> [Requirement]
In the data below, set down exactly the lines from the one containing "2016年电子电路行业发展亮" up to and including the one containing "The IAT Sensor". Leave the pictures out.

(Records for the task)

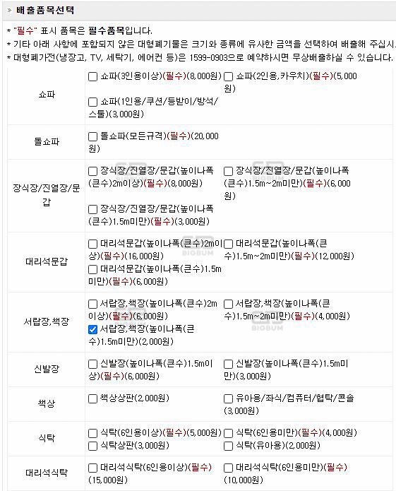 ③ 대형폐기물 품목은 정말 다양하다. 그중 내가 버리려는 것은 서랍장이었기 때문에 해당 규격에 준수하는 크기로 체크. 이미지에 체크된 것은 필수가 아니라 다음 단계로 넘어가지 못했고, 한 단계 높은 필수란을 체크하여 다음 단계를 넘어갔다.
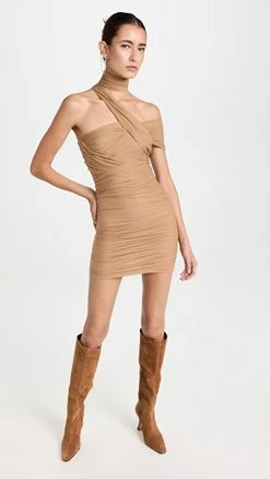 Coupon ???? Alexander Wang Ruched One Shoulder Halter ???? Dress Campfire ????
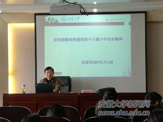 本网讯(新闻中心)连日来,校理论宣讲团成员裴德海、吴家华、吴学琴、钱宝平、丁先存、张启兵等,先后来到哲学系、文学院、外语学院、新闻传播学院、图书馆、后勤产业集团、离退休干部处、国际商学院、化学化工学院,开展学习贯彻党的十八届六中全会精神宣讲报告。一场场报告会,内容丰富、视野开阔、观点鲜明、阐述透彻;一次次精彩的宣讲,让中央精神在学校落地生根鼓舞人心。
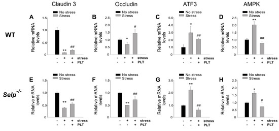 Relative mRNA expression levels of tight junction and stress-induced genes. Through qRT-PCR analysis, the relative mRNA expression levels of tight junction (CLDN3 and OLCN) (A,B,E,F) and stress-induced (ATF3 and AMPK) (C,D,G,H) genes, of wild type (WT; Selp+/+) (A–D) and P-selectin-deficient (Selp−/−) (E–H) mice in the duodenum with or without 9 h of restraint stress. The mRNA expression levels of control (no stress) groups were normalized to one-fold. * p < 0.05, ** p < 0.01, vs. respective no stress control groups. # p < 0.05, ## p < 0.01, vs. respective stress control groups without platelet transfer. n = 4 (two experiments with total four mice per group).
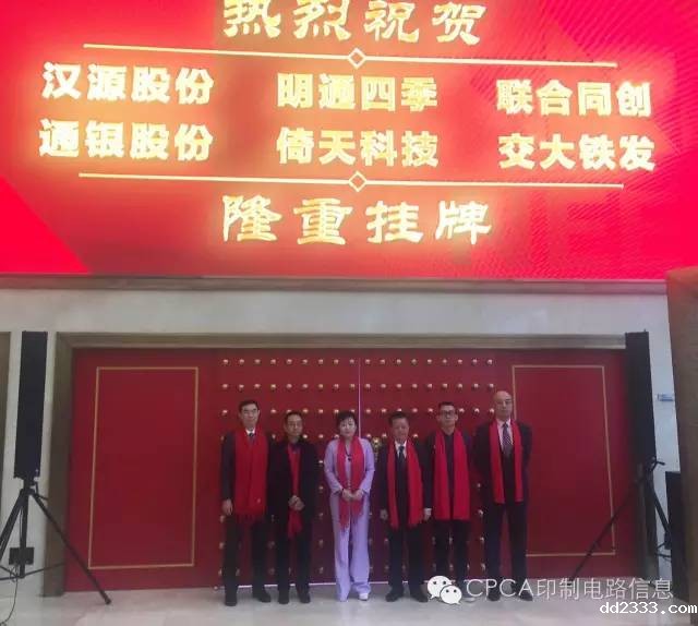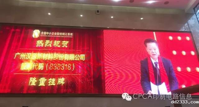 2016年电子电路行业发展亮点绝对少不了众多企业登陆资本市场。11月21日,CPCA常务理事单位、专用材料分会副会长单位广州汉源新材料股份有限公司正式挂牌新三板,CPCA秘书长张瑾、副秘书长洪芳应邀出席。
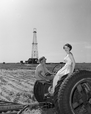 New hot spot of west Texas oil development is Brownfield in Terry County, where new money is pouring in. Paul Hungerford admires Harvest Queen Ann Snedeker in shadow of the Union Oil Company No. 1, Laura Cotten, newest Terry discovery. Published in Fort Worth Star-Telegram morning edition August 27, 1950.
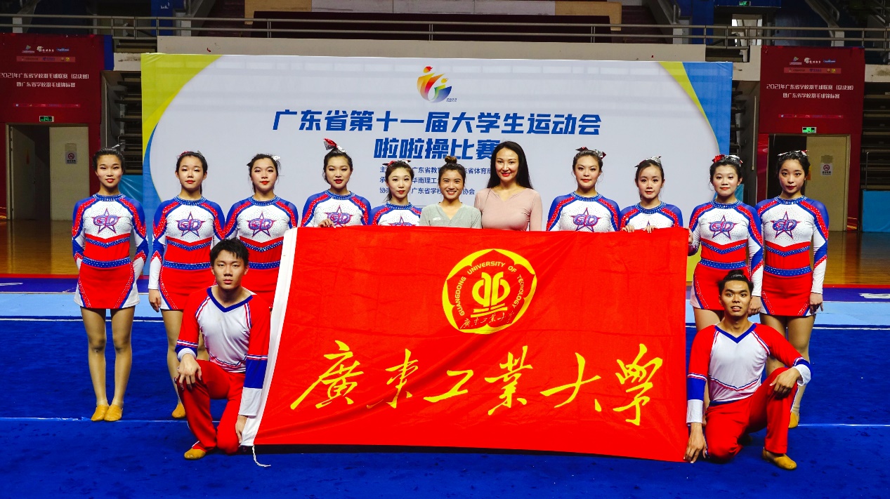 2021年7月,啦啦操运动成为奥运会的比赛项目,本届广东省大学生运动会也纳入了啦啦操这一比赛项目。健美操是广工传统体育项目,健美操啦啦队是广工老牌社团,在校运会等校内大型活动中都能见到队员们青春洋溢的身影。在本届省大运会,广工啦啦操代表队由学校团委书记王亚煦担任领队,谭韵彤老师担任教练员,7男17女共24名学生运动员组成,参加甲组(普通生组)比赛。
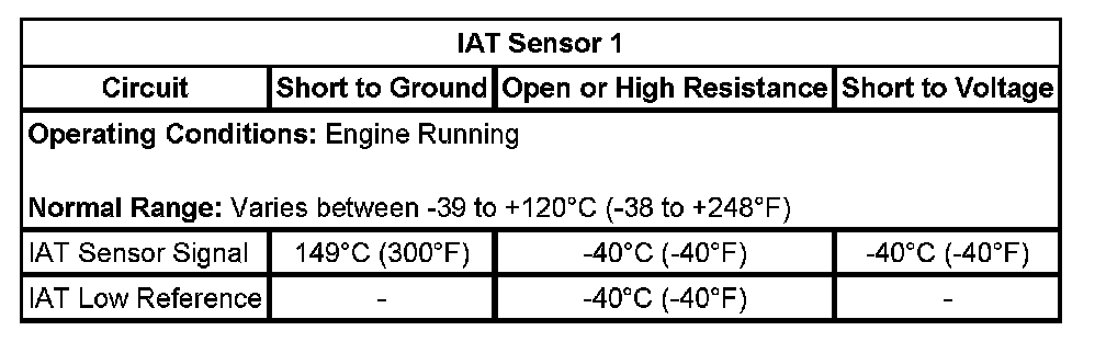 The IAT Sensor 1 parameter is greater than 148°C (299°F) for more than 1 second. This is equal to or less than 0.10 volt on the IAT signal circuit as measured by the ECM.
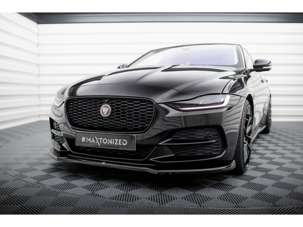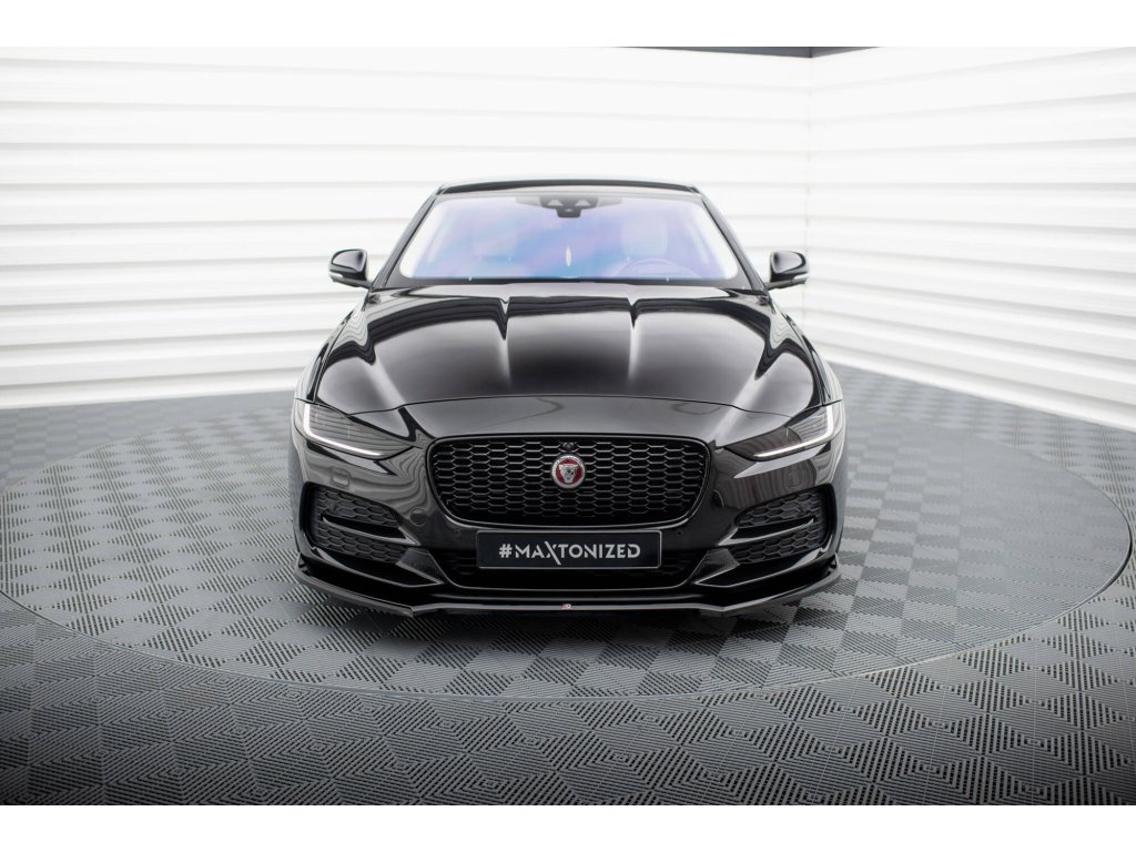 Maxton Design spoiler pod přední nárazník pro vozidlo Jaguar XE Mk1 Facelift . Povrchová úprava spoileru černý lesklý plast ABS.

(End Records for the task)

> [Reply to the task]
 2016年电子电路行业发展亮点绝对少不了众多企业登陆资本市场。11月21日,CPCA常务理事单位、专用材料分会副会长单位广州汉源新材料股份有限公司正式挂牌新三板,CPCA秘书长张瑾、副秘书长洪芳应邀出席。
 New hot spot of west Texas oil development is Brownfield in Terry County, where new money is pouring in. Paul Hungerford admires Harvest Queen Ann Snedeker in shadow of the Union Oil Company No. 1, Laura Cotten, newest Terry discovery. Published in Fort Worth Star-Telegram morning edition August 27, 1950.
 2021年7月,啦啦操运动成为奥运会的比赛项目,本届广东省大学生运动会也纳入了啦啦操这一比赛项目。健美操是广工传统体育项目,健美操啦啦队是广工老牌社团,在校运会等校内大型活动中都能见到队员们青春洋溢的身影。在本届省大运会,广工啦啦操代表队由学校团委书记王亚煦担任领队,谭韵彤老师担任教练员,7男17女共24名学生运动员组成,参加甲组(普通生组)比赛。
 The IAT Sensor 1 parameter is greater than 148°C (299°F) for more than 1 second. This is equal to or less than 0.10 volt on the IAT signal circuit as measured by the ECM.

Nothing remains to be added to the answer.